生物化学与生物物理进展
生物化學與生物物理進展
생물화학여생물물리진전
PROGRESS IN BIOCHEMISTRY AND BIOPHYSICS
2002年
1期
56-59
,共4页
基因识别%隐马尔科夫模型%Viterbi算法
基因識彆%隱馬爾科伕模型%Viterbi算法
기인식별%은마이과부모형%Viterbi산법
gene finding%hidden Markov model%Viterbi
在基因组测序工作完成后,利用计算工具进行基因识别以及基因结构预测受到了越来越多人的重视.人们开发了大量的相关应用软件,如GenScan, Genemark, GRAIL等,这些软件在寻找新基因方面提供了很重要的线索.但基因的识别和预测问题仍未得到完全解决,当目标基因的编码序列有缺失和插入时,其预测结果和基因的实际结构相差很大.为了消除测序错误对预测结果的影响,希望能找出编码序列区的测序错误.基于这种想法,尝试根据DNA序列的一些统计特性,利用隐马尔科夫模型(Hidden Markov Model),引入缺失和插入状态,然后用Viterbi算法,从中找出含有缺失和插入的外显子序列片段.在常用的Burset/Guigo检测集进行检测,得到的结果在外显子水平上,Sn(sensitivity)和Sp(specificity)均达到84%以上.

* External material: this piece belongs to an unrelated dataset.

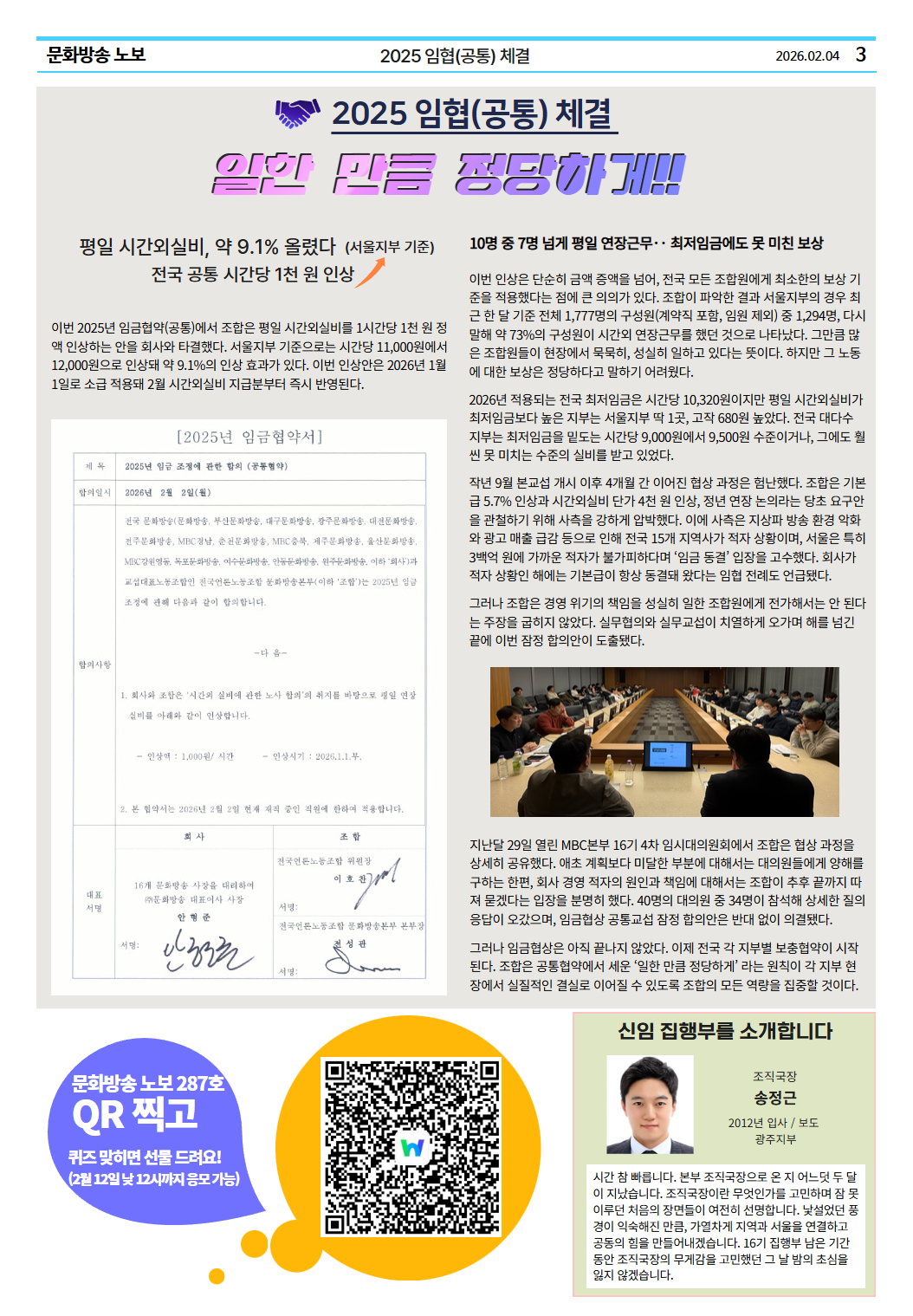 홈 노보 2025 임협(공통) 체결_일한 만큼 정당하게! 전국언론노동조합 MBC본부 입력 2026-02-04 조회수 15 가 가 조회수 15 저작권자 © 전국언론노조 MBC본부 무단전재 및 재배포 금지

在基因組測序工作完成後,利用計算工具進行基因識彆以及基因結構預測受到瞭越來越多人的重視.人們開髮瞭大量的相關應用軟件,如GenScan, Genemark, GRAIL等,這些軟件在尋找新基因方麵提供瞭很重要的線索.但基因的識彆和預測問題仍未得到完全解決,噹目標基因的編碼序列有缺失和插入時,其預測結果和基因的實際結構相差很大.為瞭消除測序錯誤對預測結果的影響,希望能找齣編碼序列區的測序錯誤.基于這種想法,嘗試根據DNA序列的一些統計特性,利用隱馬爾科伕模型(Hidden Markov Model),引入缺失和插入狀態,然後用Viterbi算法,從中找齣含有缺失和插入的外顯子序列片段.在常用的Burset/Guigo檢測集進行檢測,得到的結果在外顯子水平上,Sn(sensitivity)和Sp(specificity)均達到84%以上.
재기인조측서공작완성후,이용계산공구진행기인식별이급기인결구예측수도료월래월다인적중시.인문개발료대량적상관응용연건,여GenScan, Genemark, GRAIL등,저사연건재심조신기인방면제공료흔중요적선색.단기인적식별화예측문제잉미득도완전해결,당목표기인적편마서렬유결실화삽입시,기예측결과화기인적실제결구상차흔대.위료소제측서착오대예측결과적영향,희망능조출편마서렬구적측서착오.기우저충상법,상시근거DNA서렬적일사통계특성,이용은마이과부모형(Hidden Markov Model),인입결실화삽입상태,연후용Viterbi산법,종중조출함유결실화삽입적외현자서렬편단.재상용적Burset/Guigo검측집진행검측,득도적결과재외현자수평상,Sn(sensitivity)화Sp(specificity)균체도84%이상.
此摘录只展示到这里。